Kefin répondit en se touchant le corps.

« Ne faites pas d'imprudence. Vous, affûtez vos crocs à en crever. Si vous le faites, Luciel-sama ne vous abandonnera pas. »

« Et toi, vieux ? Toi, on sent que t'as une ambition au fond du cœur. »

À cette parole de Kefin, Lionel rit et répondit.

« Huh. Vivre en homme d'armes, si c'est possible, c'est mon vœu le plus cher. Commander les autres n'a jamais été pour moi qu'une souffrance. »

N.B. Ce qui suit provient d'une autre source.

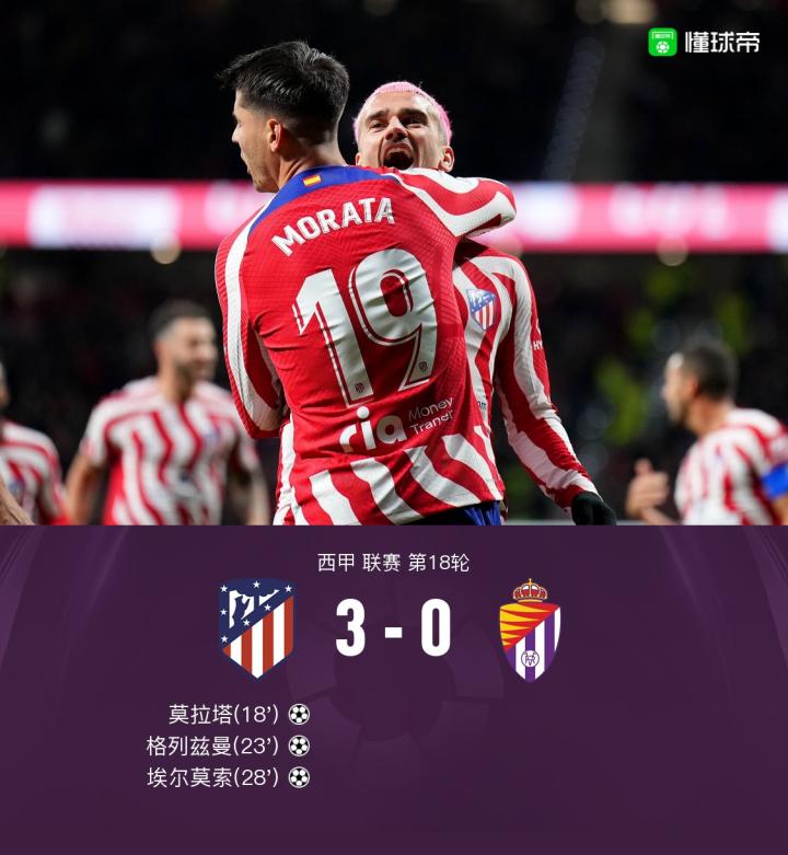 扫描下载懂球帝首页>动态> 马竞3-0巴拉多利德,格列兹曼传射,莫拉塔、埃尔莫索破门
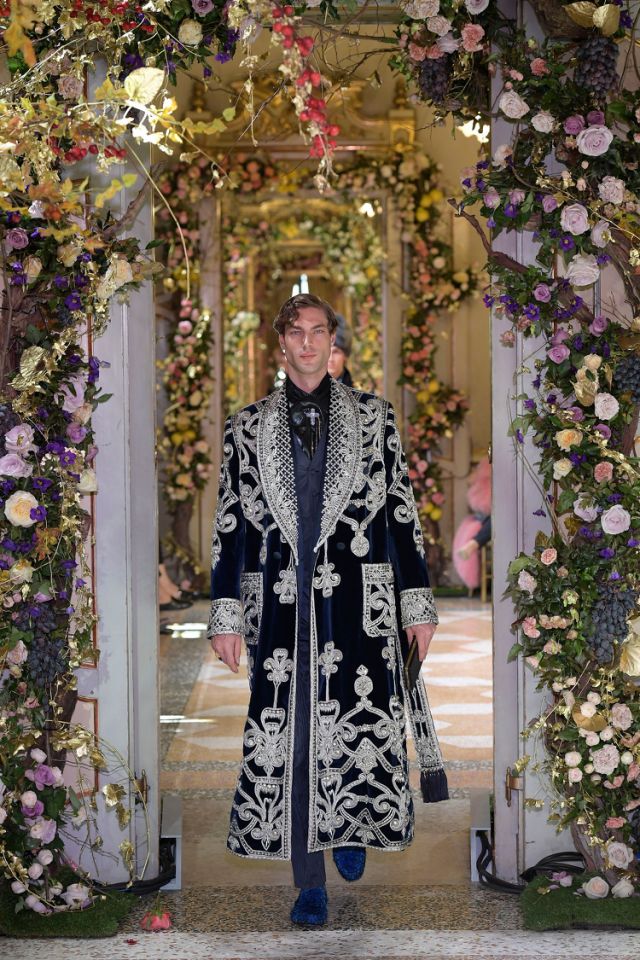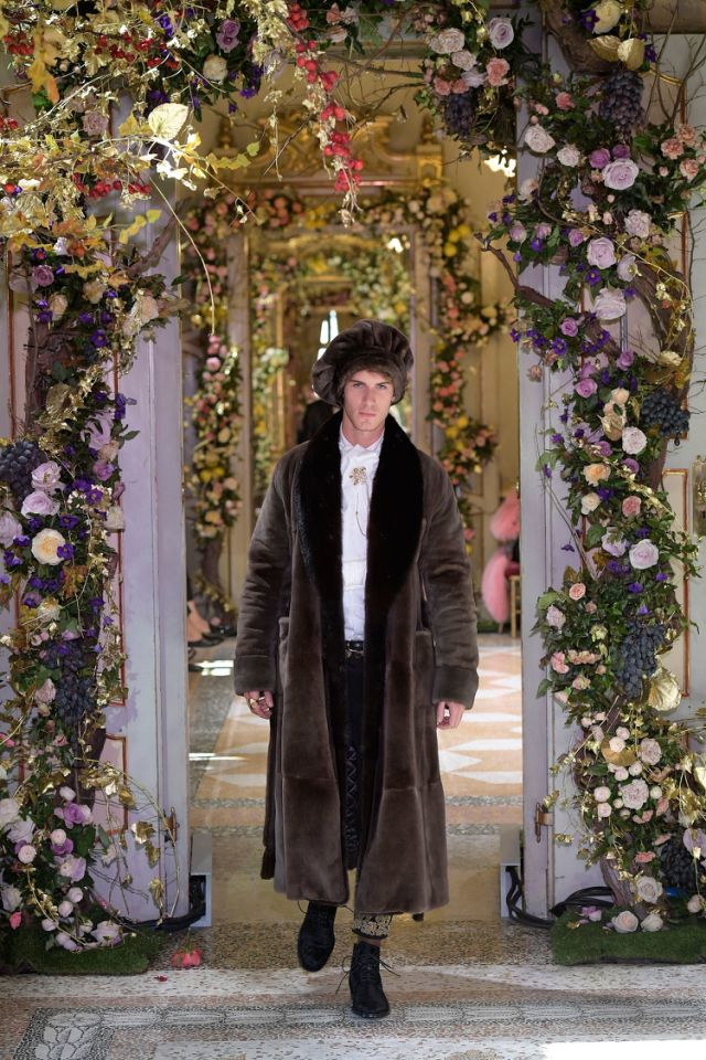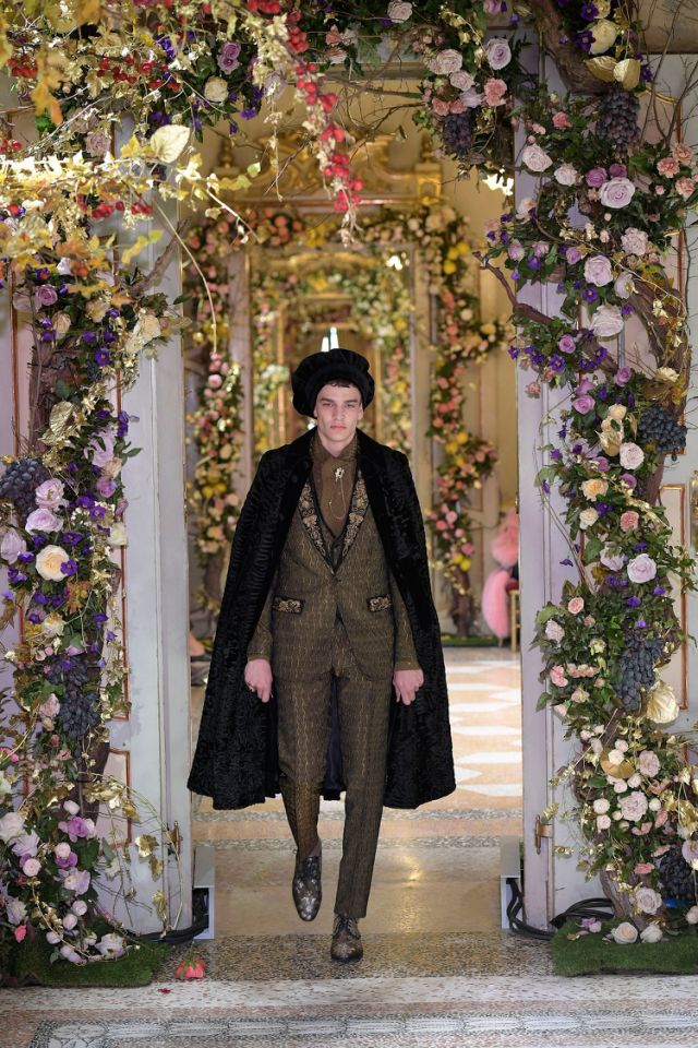Мужские образы были не менее артистичны: "индийские" пиджаки с вышивкой Лесаж, пальто и пиджаки с каракулевыми вставками и репродукциями шедевров Ренессанса, выполненными в технике Punto Pittura. Сочетание кожи крокодила, экзотического меха и кашемира в верхней одежде придало образам и вовсе практическую достоверность и схожесть с персонажами полотен и знатными жителями Италии тех времен.

« Si le vieux se distingue, vous ne serez pas libérés de l'esclavage ? »

« Les ennemis de Luciel-sama ne se limitent pas à cette fois. Il sera sûrement entraîné dans plein d'histoires diverses. S'il y a des forts là-dedans, croiser le fer avec eux est un plaisir. Et quand un jour paraîtra l'épopée du guérisseur de rang S, si l'on chante qu'il était soutenu par le guerrier le plus fort, ça, c'est l'honneur du guerrier. »

Lionel rit en grommelant.

Tandis qu'il observait ce Lionel, Kefin continua de le regarder avec une lueur d'envie.